Is there a way I can see how much data is being searched per index?
Eg: for an index, a user has searched 10 GB of data over the last 1 hour in across 15 search queries.
An index has 100 GB of data, but the last 1-day user searched only 100 MB in the search result.
or Index has 100 GB of data, but user searched too often and search a total of 120 GB of data.
I can tell you generally how to do this, but it seems crazy to me and there doesn't seem to be any useful reason to do this. You start by use a REST query to tell you what searches have run recently. Then you query the job details REST API to get access to the search.log
for the job. In there it will tell you the number of events scanned
. You can then get the optimized search
from the same log and hopefully get a sourcetype
from there. Then you can perform a search using avg(len(_raw)

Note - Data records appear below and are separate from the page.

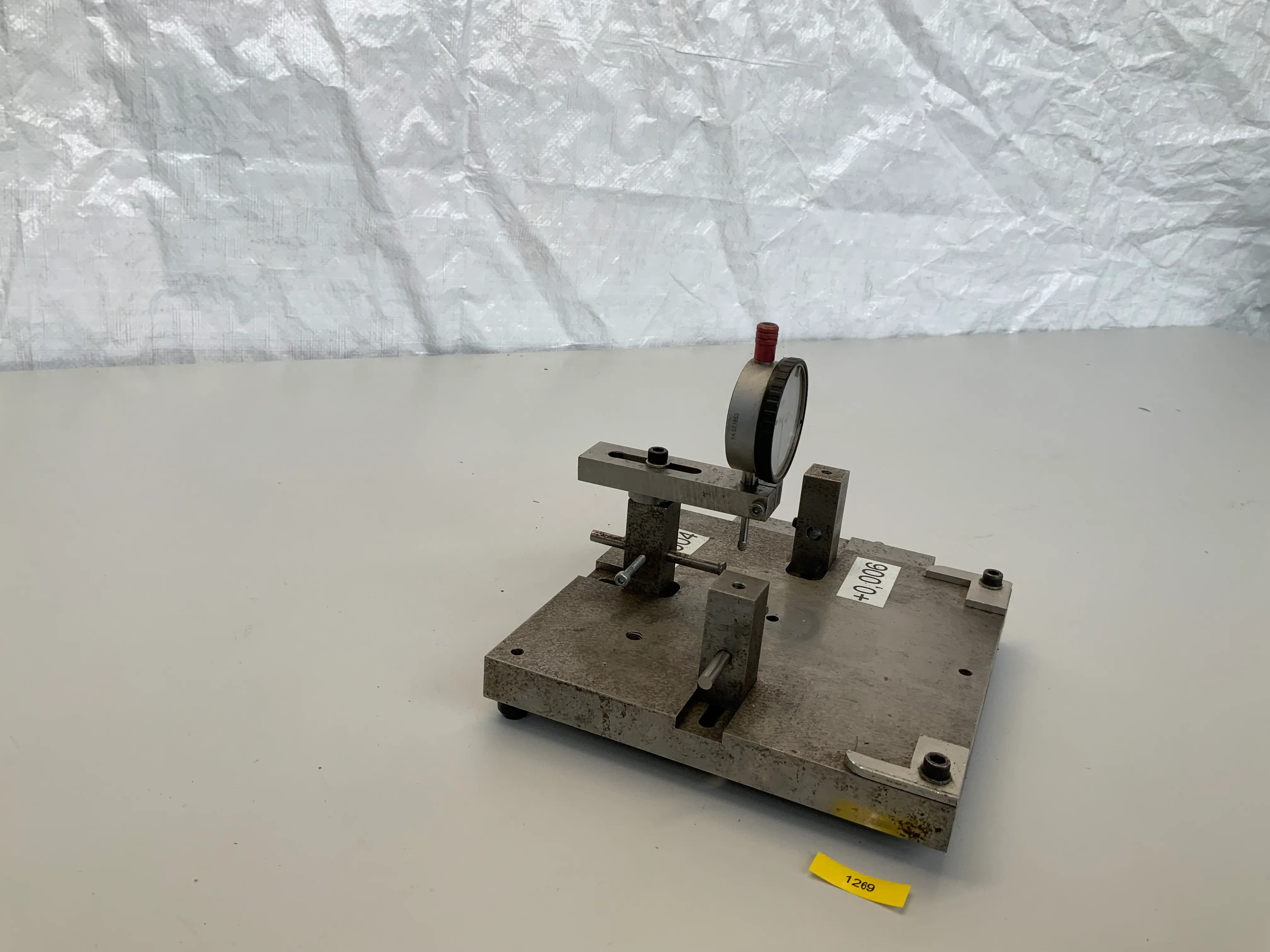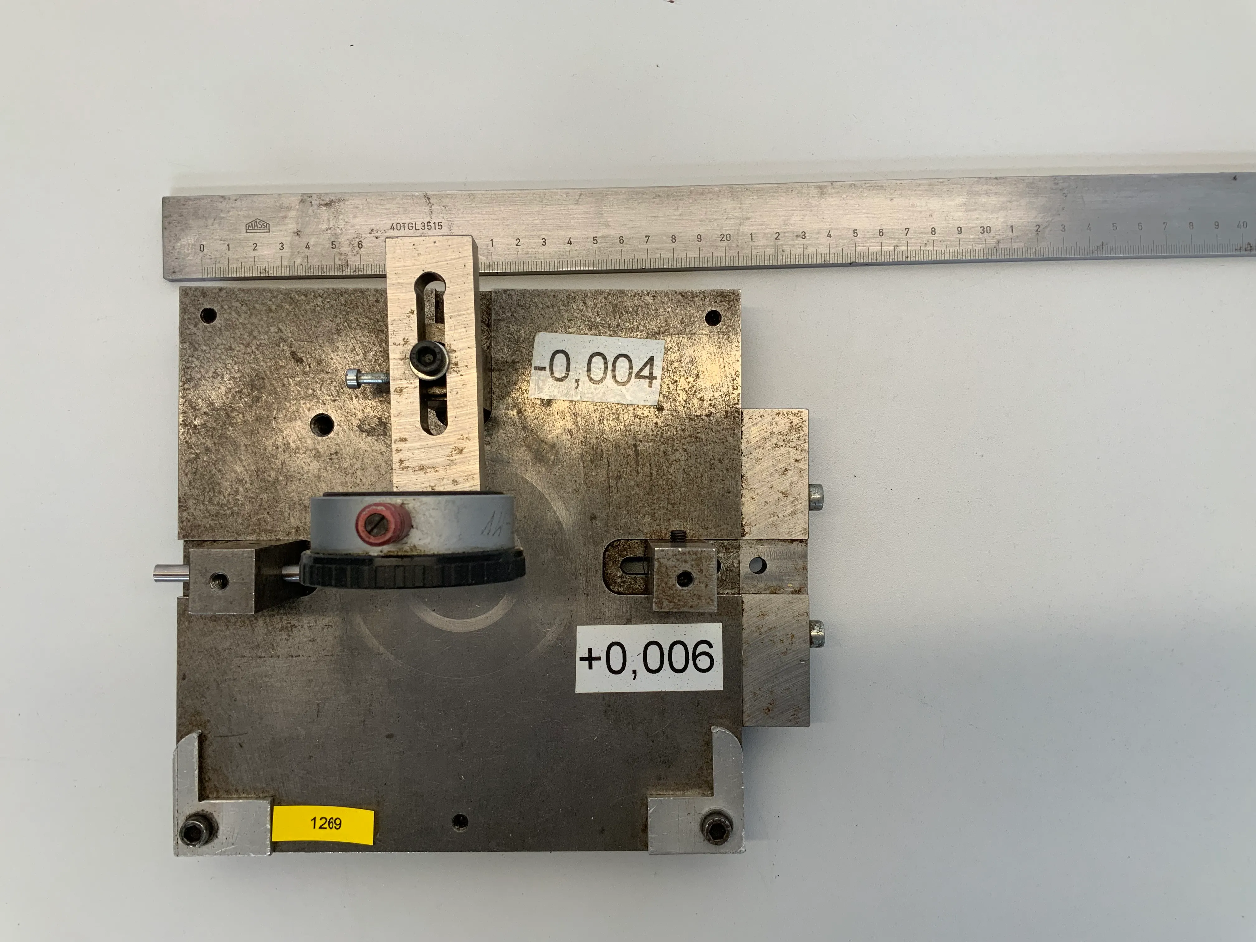 Ich biete eine Prüfvorrichtung mit einer Feinmessuhr der Marke Käfer an (Ablesung 0,01 mm). Die Vorrichtung verfügt über justierbare Anschläge und Halterungen sowie Messbereiche mit Toleranzangaben von -0,004 mm bis +0,006 mm.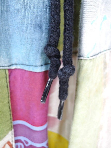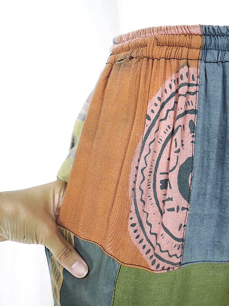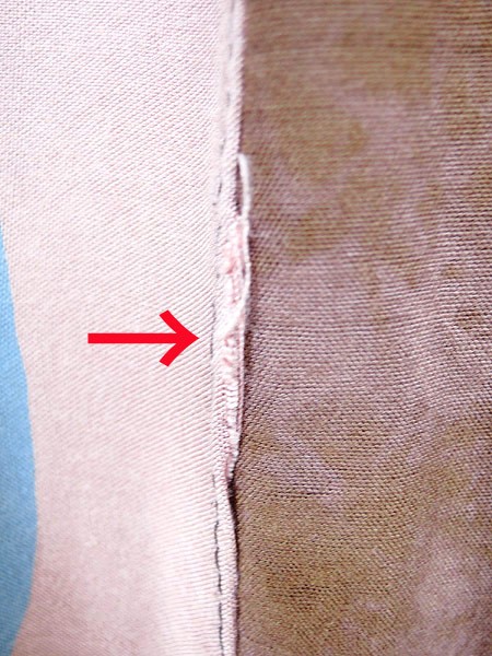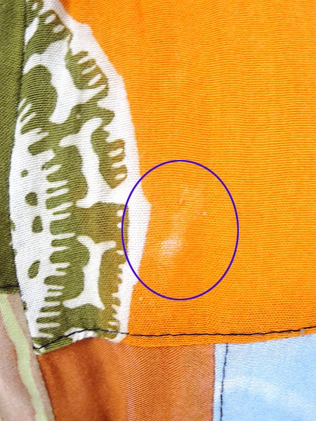 タグなし、素材、サイズ不明。左足裾に生地ホツレあり。ウェストステッチホツレ、色落ちシミあり。ヒップ部分、左ポケット付近など、全体にホツレ箇所あり。右ポケット下付近にヨゴレ、生地スレダメージ。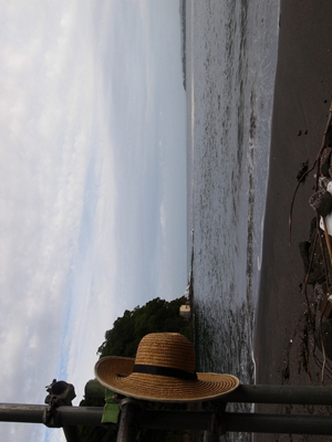 向こうに霞むは佃嵐埼と和田浜。おじさん仕様の麦わら帽子が、不自然な姿勢で沖を眺めてます。ちょうどこんなふうです。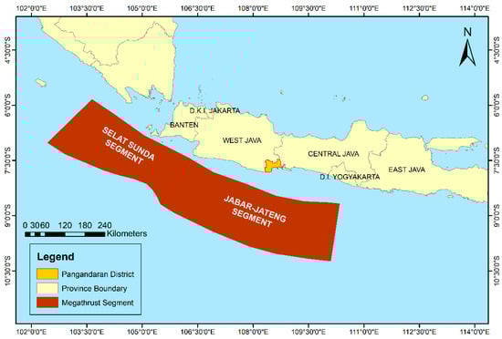 The tsunami generator source used in this model is the worst scenario which has affected the Pangandaran District []. The Jabar-Jateng megathrust segment generates this worst scenario. This megathrust segment is located in the southern part of Java Island, directly opposite the Pangandaran District (Figure 3). This megathrust segment is the segment that has the longest size among the other segments in the southern region of Java Island, with the highest potential magnitude. There are other segments with the same potential magnitude but provide different tsunami potential results due to differences in other parameters and location. Based on the model conducted by (2020) [], the Jabar-Jateng megathrust segment generates a tsunami with the worst results for the Cijulang sub-district, Pangandaran District, where the research area of this paper is located. This megathrust segment generates a tsunami with a maximum inundation height of 15.9 m, an arrival time of 28 min, and a maximum inundation range of 2.215 km. In comparison, the other segments have inundation height results of no more than 10 m, arrival times of no faster than 30 min, and an inundation range of no more than 1.1 km.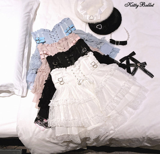 Kitten Bullet Rose Heart Palpitation White Pink Blue Black Skirt
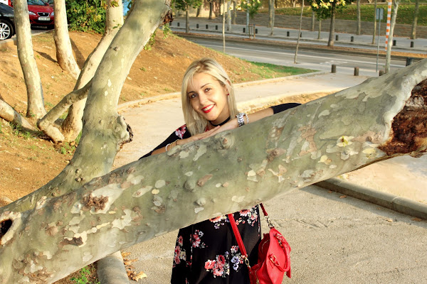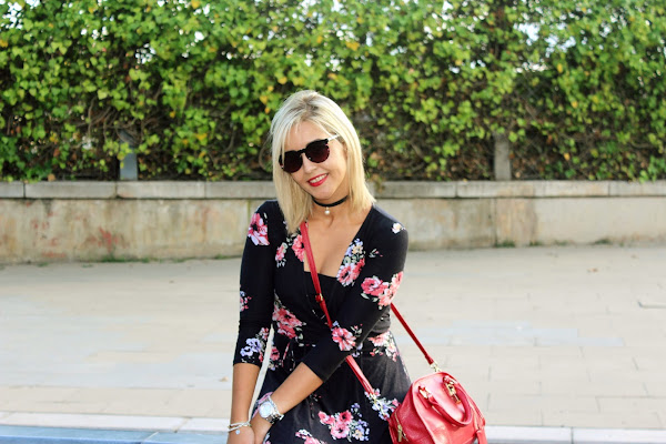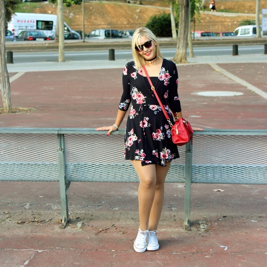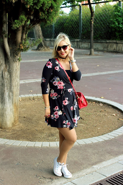 Y la verdad, es que me encanta esta moda de llevar zapatillas deportivas, ya que son perfectas para looks casual chic. En el look que os enseño hoy combiné mi vestido de bailarina con flores con mis Converse. Como accesorios elegí un bolso rojo y mi nuevo chocker con perla, que me encanta.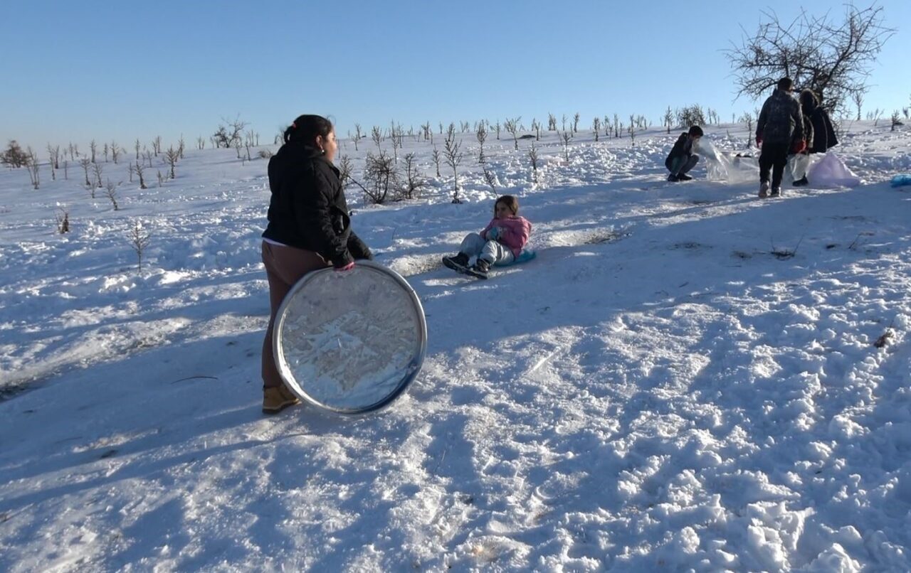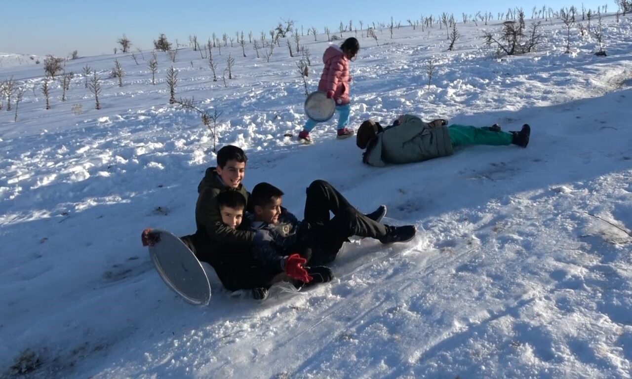 Kar yağışının ardından mahalledeki engebeli boş araziyi kayak pistine çeviren çocuklar, doyasıya eğlendi. Kar yağışıyla bembeyaz hale gelen tepe, hem çocukların hem de ailelerin eğlence mekânı haline geldi. Tepede yoğunluk oluşturan, naylon, leğen ve tepsilerle kayan çocuklar, büyük bir keyif aldı. Boş arazideki tepeleri kendi imkanlarıyla düzelterek kızak pistine dönüştüren çocuklar, naylon, tepsi ve leğenlerle kayarak eğlenceli anlar yaşadı.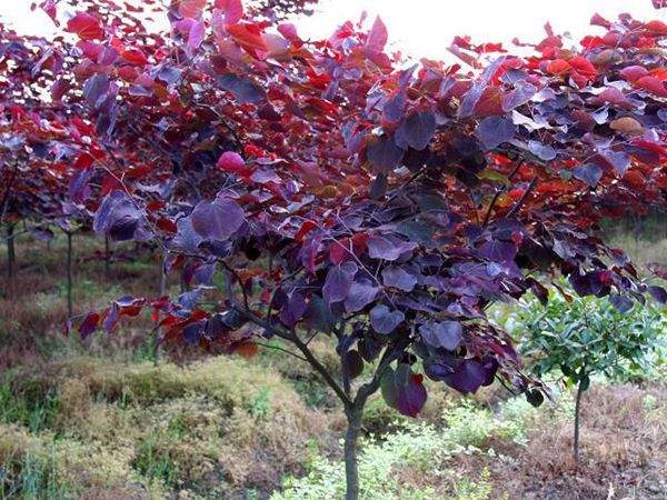 紅葉加拿大紫荊(也稱紫葉加拿大紫荊)屬落葉灌木,株高6--10米,冠幅8--12米。葉片心型,春、夏、秋三季葉色均為亮麗的紫紅色,嫩梢一直呈瑰麗的紅色。花苞紫紅色,花多,花期3--4月。適應(yīng)性強,較中國紫荊耐寒。在酸堿性土壤及干旱濕潤土壤都可生長。既可種于庭院、公園,又可種于路邊,是極佳的風景園林樹種。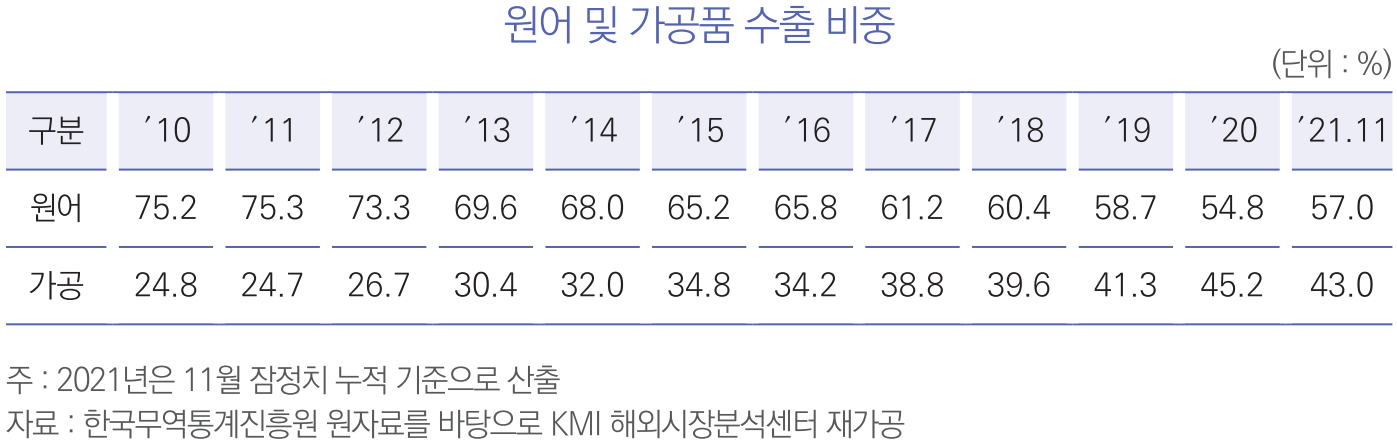 국내 수산물은 원어 대비 가공품의 수출 비중이 늘어나고 있는 추세이며, 제조업 기반의 인프라 및 접근성 높은 해양자원을 바탕으로 국제 수산물 시장에서의 경쟁력을 높여나가고 있음.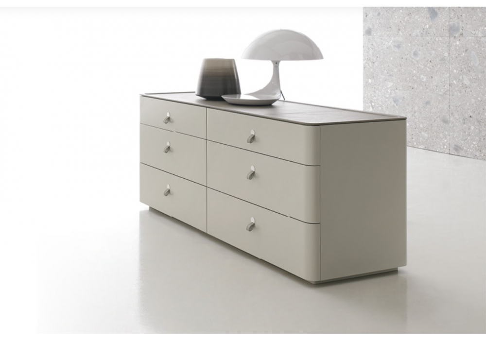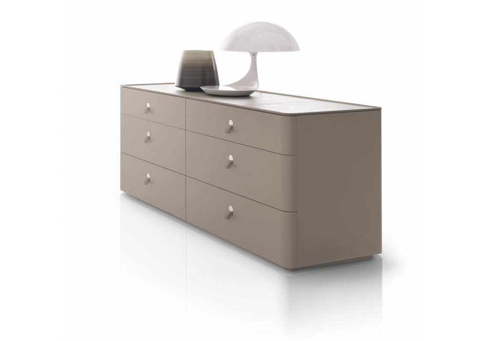 Kube conçue par Giuseppe Bavuso pour Alivar est une commode réalisée avec une structure en chêne peint ou traité thermiquement ou en MDF laqué mat. Plateau en pierre acrylique recouvert de cuir. Tiroirs avec guides métalliques de freinage. Façade en chêne peint ou traité thermiquement ou en MDF laqué mat. Poignées en cuir.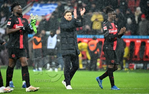 v.l. Jeremie Frimpong, Trainer Xabi Alonso (Leverkusen), Robert Andrich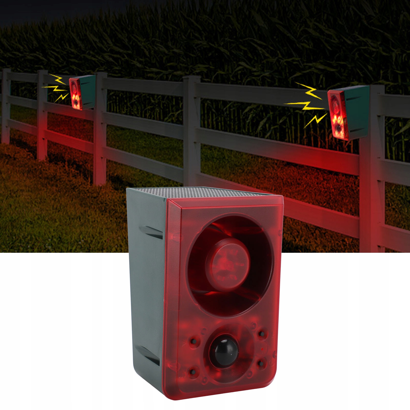 2. Датчик руху PIR: кут виявлення 120 °, виявляйте кожен рух в радіусі 5-8 метрів і запустить звук та візуальний сигнал, звук та стробовий світло ввімкнуться. Спалах має 6 червоних світлодіодів, які захищають вашу ферму від злодіїв.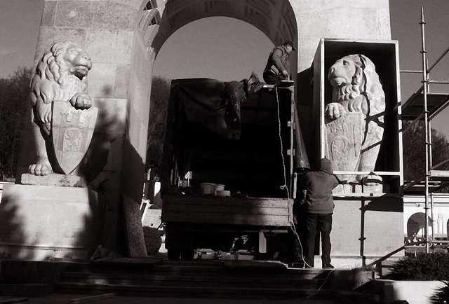 Кам'яних левів з-під тріумфальної арки зняли 1967 року. Відтоді й почалася їхня одіссея. У радянської влади Львова не було якогось більш-менш чіткого плану, що ж з тими левами робити. Розбити їх на друзки не наважилися навіть комуністи. Тому було вирішено використати символи міста для утвердження в ньому нового львівського радянського міфу.
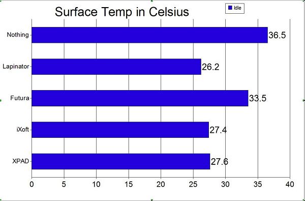 Next test is to test how well these products keep the heat away from your lap or legs. I used my Thermohawk 200 infrared thermometer to test the surface at several places under each product after the 45minutes of load testing, the highest temperatures recorded were used in the graph.

against that sourcetype and multiply this iw the events scanned
number. That is probably the best that you can do it is making many assumptions and not going to be too accurate.
Please execute the following search sentence. Only inaccurate information on this level can be acquired.
I do not know the purpose, but I recommend you to review alternative proposals.
index=_audit action=search search=* sourcetype=audittrail
| rex field=search "index\s*=\s*\"*(?<IndexUsed>[^\s\"]+)"
| search IndexUsed=*
| fillnull value="NA" IndexUsed
| stats count by IndexUsed
Above query doesn't give the size of data searched per index, it just shares count on number time index used.
Purpose is to validate, data stored vs data actually searched. This is to check abuse on capacity utilization.
Any other recommendation will be welcome!
Thanks